There was nothing about her on the company’s Web site. She didn’t appear on LinkedIn. She didn’t come up on Facebook.  But another person with her same unusual name did come up on Facebook — complete with bar photos of friends, including a tattooed friend sticking his pierced tongue out at the camera.

Imagine a prospective client doing a routine search on your name and coming up with bar photos!  Even if those aren’t your photos, it leaves a bad impression — especially if there is no other online information to counter it.

I asked my client why she didn’t put a profile on her Web site. She said she was concerned about privacy. For the same reason, she didn’t have a profile on any of the social networking sites.  I absolutely get the privacy issue.  But these days, everyone Googles before doing business. Being totally invisible online sends a damaging message about you and your company: “I’m not plugged into what’s new, I’m not well connected, I’m nobody in my industry or community, and I may even have something to hide.”   That’s lousy messaging if you’re trying to build credibility for your company — or close deals.

So here’s some advice:

1.If you have a Web site, post something about yourself. No need to pour out personal details about your kids or the year you graduated from college. Just focus on your experience and enough details to show prospective clients you’re a real person with valuable skills and a passion for what you do.

2. Sign on with at least two social networks. LinkedIn and Facebook are good starting points.

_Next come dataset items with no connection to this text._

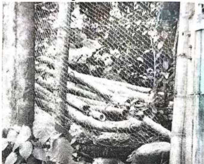
Imagen 16. Guadua talada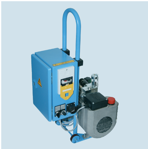
HAT 525 Die mobile Lösung / The portable solution

Depending on planned applications, hydraulic drive units in special and also stationary design can be added to our range of standard hydraulic drive units, which are field-proven in the best way.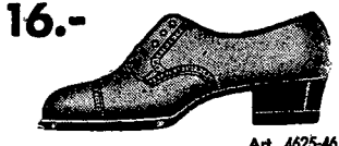
16.- Sportowy pantofelek z brązowego boku na niskim obcasie.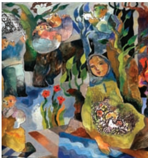
د- اثر محمدعلی بنی‌اسدی، هنرمند با استفاده از رنگ‌های تیره و ترکیبی به شیوه‌ای فردی در تصویرسازی دست یافته است.

اهمیت رنگ و به‌کارگیری آن در خلق تصویر نزد تمامی تصویرگران از ویژگی خاصی برخوردار است. اولویت بخشیدن به رنگ در تصاویر کتاب کودکان به این معنی نیست که رنگ را مهم‌تر از سایر عناصر نظیر خط و طرح بدانیم. چون به‌طور قاطع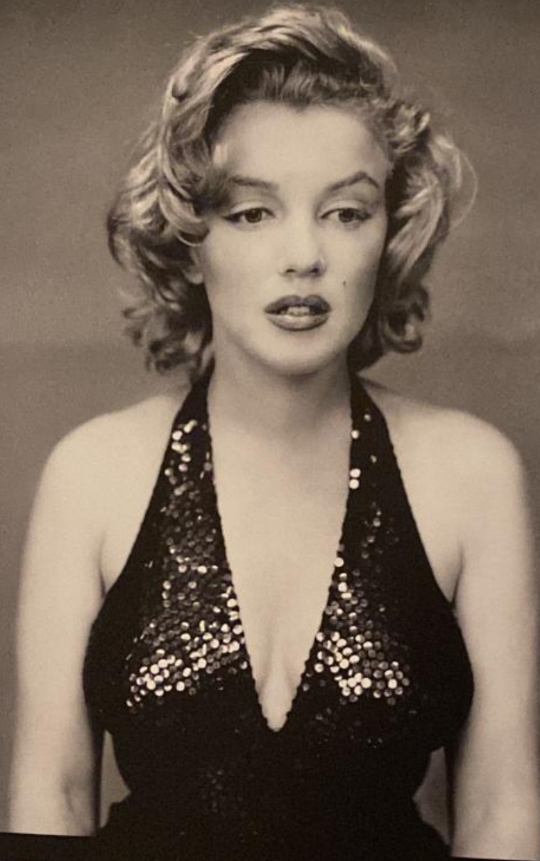
9. Richard Avedon, Marilyn Monroe, actress, New York, May 6, 1957.

questa famosa fotografia, Marilyn Monroe sembra intrappolata nell'ombra, bloccata tra la luce e la tristezza. Con gli occhi che guardano avanti, la testa leggermente girata e le labbra con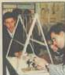
Sur le stand de l'Université.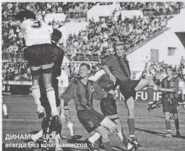
ДИНАМО ЦСКА всегда без компромиссов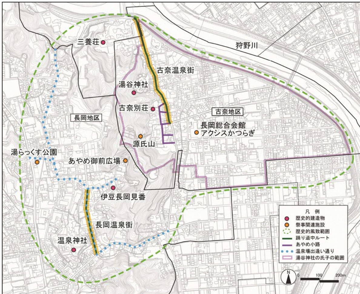
図 2-4-3 歴史的風致範囲図

古くからの湯治場である古奈温泉と、近代に入って湧出した長岡温泉は、伊豆長岡温泉として、芸妓文化を含む温泉街の文化や景観を育んできた。そうした営みの中で、土地に伝わる祭のみならず、源氏あやめ祭も多くの回数を重ね、地域の伝統として定着している。昭和初期の建築を含む温泉街の景観とも相まって、後世に伝えていきたい良好な歴史的風致を形成している。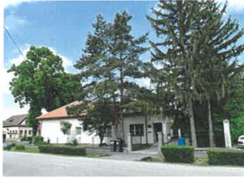
Lébényi Idősek Klubja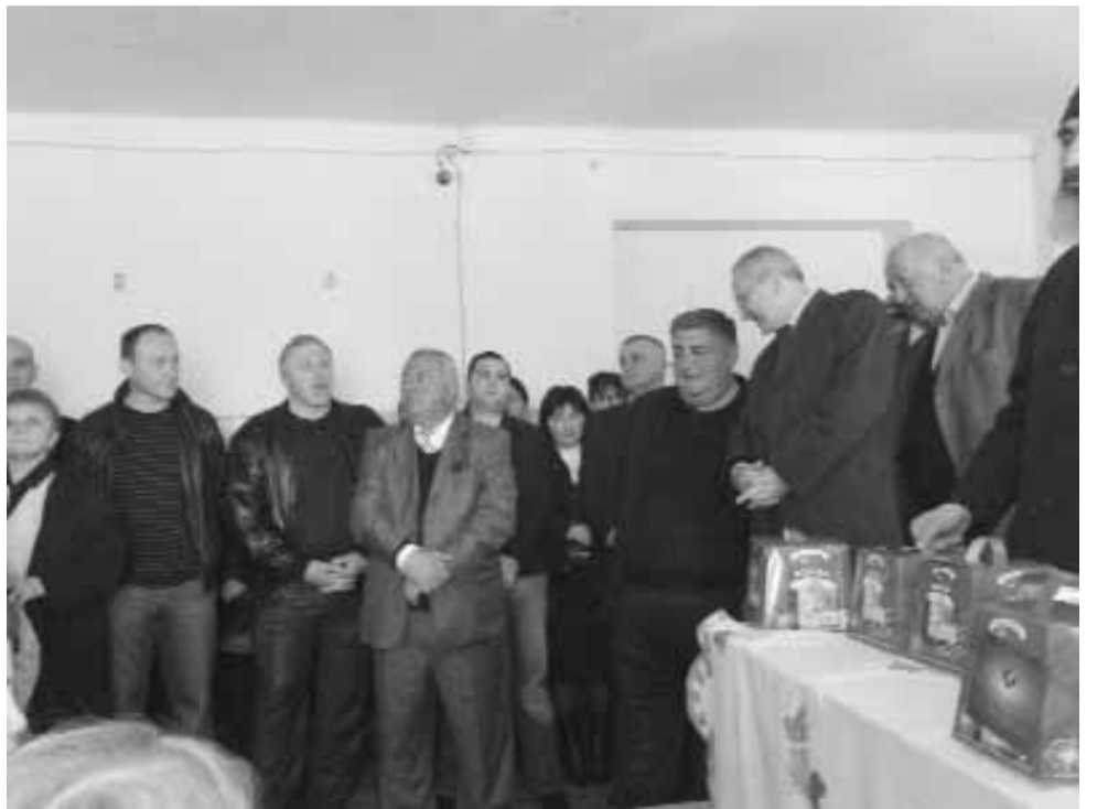
აფხაზეთის ა/რ-ის მთავრობა

„დღეს აღდგომის ნათელი აღგვავსებს და განგვანათლებს ყოველთა. აღდგომის მადლი გვიყუჩებს სულიერ თუ ხორციელ ტკივილებს.“ აფხაზეთიდან დევნილმა მოსახლეობამ უმძიმესი წლები გამოიარა. დღემდე მოუშუშებელია მათი ჭრილობები. ხალხის თვალწინ დაიღუპა უამრავი ახალგაზრდა, საკუთარ სახლ-კარს მოწყდა და დღემდე ლტოლვილობაშია მოსახლეობის უდიდესი ნაწილი. მაგრამ ყველაზე დიდი უბედურება ის გახლავთ, რომ აფხაზეთის მინა-წყალზე, განადგურების პირას მივიყვანეთ ღვთისაგან ბოძებული უმთავრესი საუნჯე — სიყვარული. შეიძლება ვინმე არ დაგვეთანხმოს და გვითხრას: — სიყვარული არ დაგვიკარგავს, გვიყვარს ჩვენი ოჯახის წევრები, ნათესავები და მეგობრები. ის მაინც ხომ შეგვიძლია ვაღიაროთ, რომ ყველაფერი, რაც აფხაზეთში მოხდა ამა თუ იმ ადამიანთა ჯგუფის დანაშაული კი არ არის, არამედ ყოველი ჩვენგანის უძღურების, უსიყვარულობისა და ღმერთთან დაცილების შედეგია. სიყვარული არ იქნება იქ, სადაც ადამიანები საკუთარ თავში ხედავენ სიკეთეს, ხოლო მოყვასში ბოროტებას. ნუ შევეცდებით ჩვენს ცხოვრებაში არსებული ტრაგიკული მოვლენების მიზეზი მხოლოდ სხვა ადამიანებში დავინახოთ, ხოლო საკუ-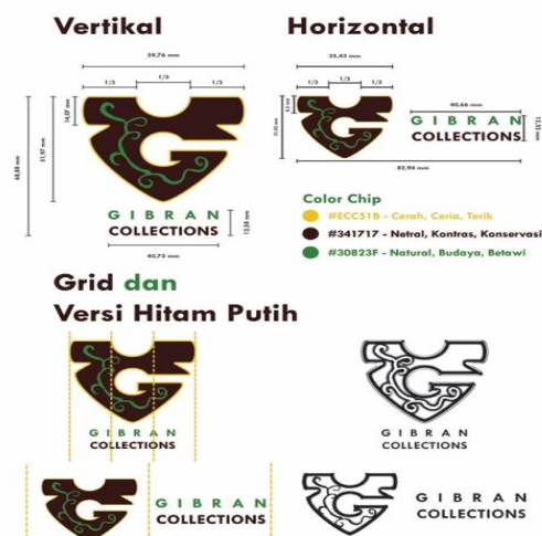
Gambar 6 Grid Pada Logo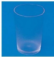
11-318-5 ユーゴンカップ ¥1,950 (φ61・H97) 入数: 50ダース/ct・12ヶ箱入 容量: 160ml 材質: スチロール樹脂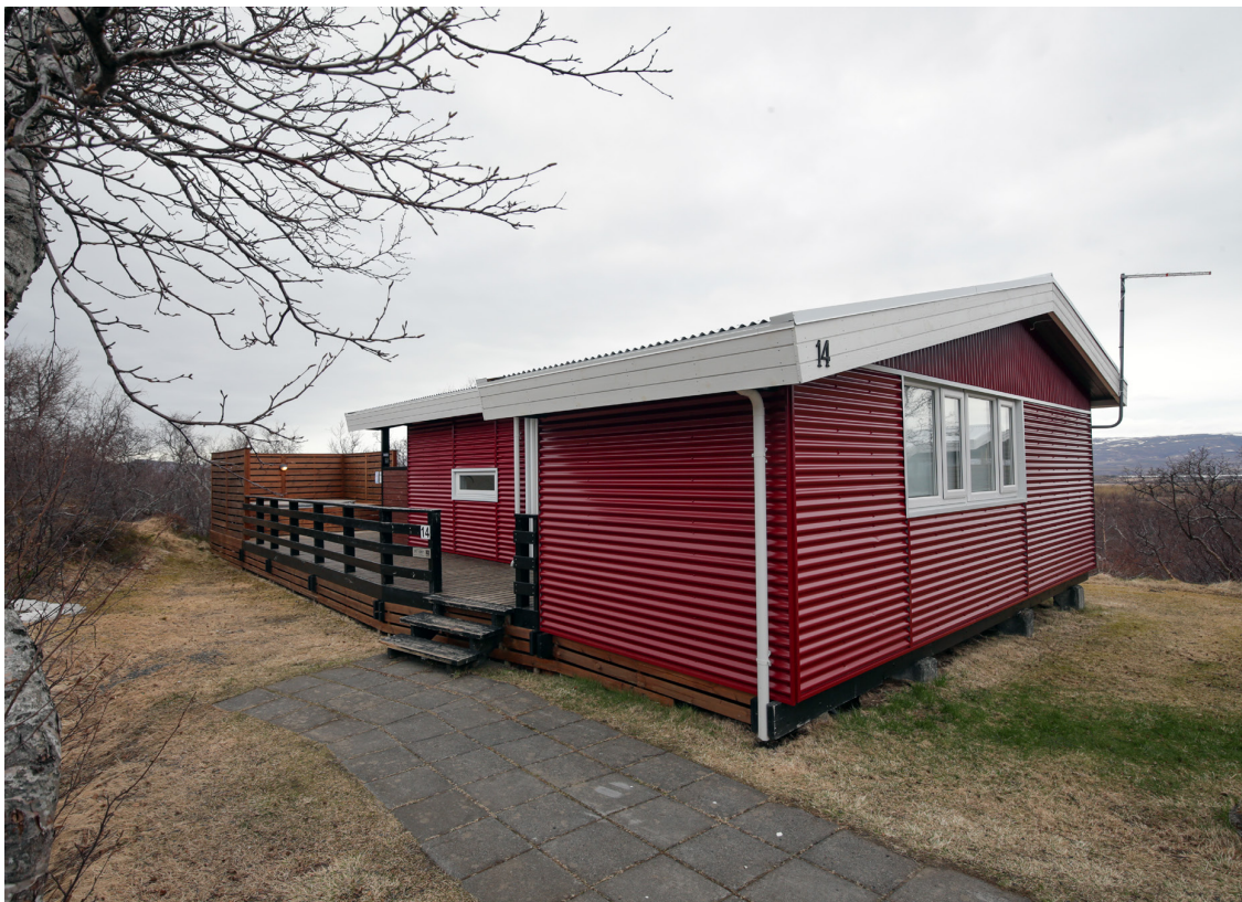
AFL á 15 hús á Einarstöðum.

Talsverðar skemmdir verða á innbúi og jafnvel húsunum sjálfum í svona uppákomum.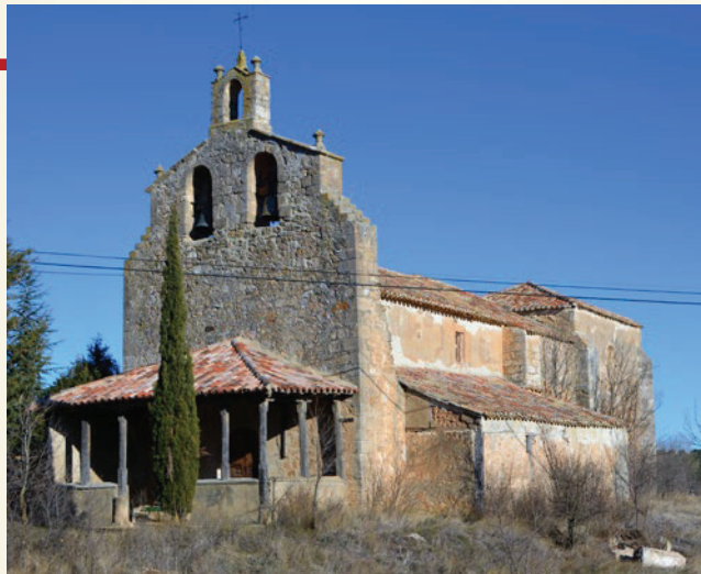
Iglesia de Hortezueta (Soria) que pertenecía a la Orden de los Hospitalarios.

Que aunque luego resulta que las que tres ermitas tituladas una de San Juan de Atienza, San Martín de Rubiales y Santa Cruz de la Villa de Agreda, lejos de traer utilidad a la Encomienda le son gravosas, como para su demolición es necesaria la licencia de S. A. Eminentísima, a fin de conseguir esta y que al mismo tiempo resuelva lo conducente en cuanto a la usurpación del terreno inmediato a la citada Ermita de Santa Cruz, podrá el Tribunal dar Comisión a la persona que tuviese por conveniente para que reciba información de testigos imparciales, que declaren el estado actual de las tres ermitas, su inutilidad, gravamen que de su subsistencia resulta a la Encomienda, que la ha de sostener, y las que ventajas que lograra está en su demolición, como también qué terreno es el que se ha ocupado junto a la Ermita de Santa Cruz por los que se dicen intrusos, de cuánto tiempo a esta parte y qué utilidad podría tener en ello la Encomienda.

3. Keep information current, and professional. Don’t display private information or inappropriate content.  “Duh,” you say, but you’d be amazed at what I’ve come across Googling otherwise brilliant business people — including one person who touted his TOP GOVERNMENT SECURITY CLEARANCE on his Web site, but poured out lurid details of a messy relationship right there in his publicly available Facebook profile.  Yikes — and yuk!

Remember that whatever you post can stick around the Internet forever. To paraphrase my grandmother: Live your life [online] in a way that would let you give the family parrot to the village gossip.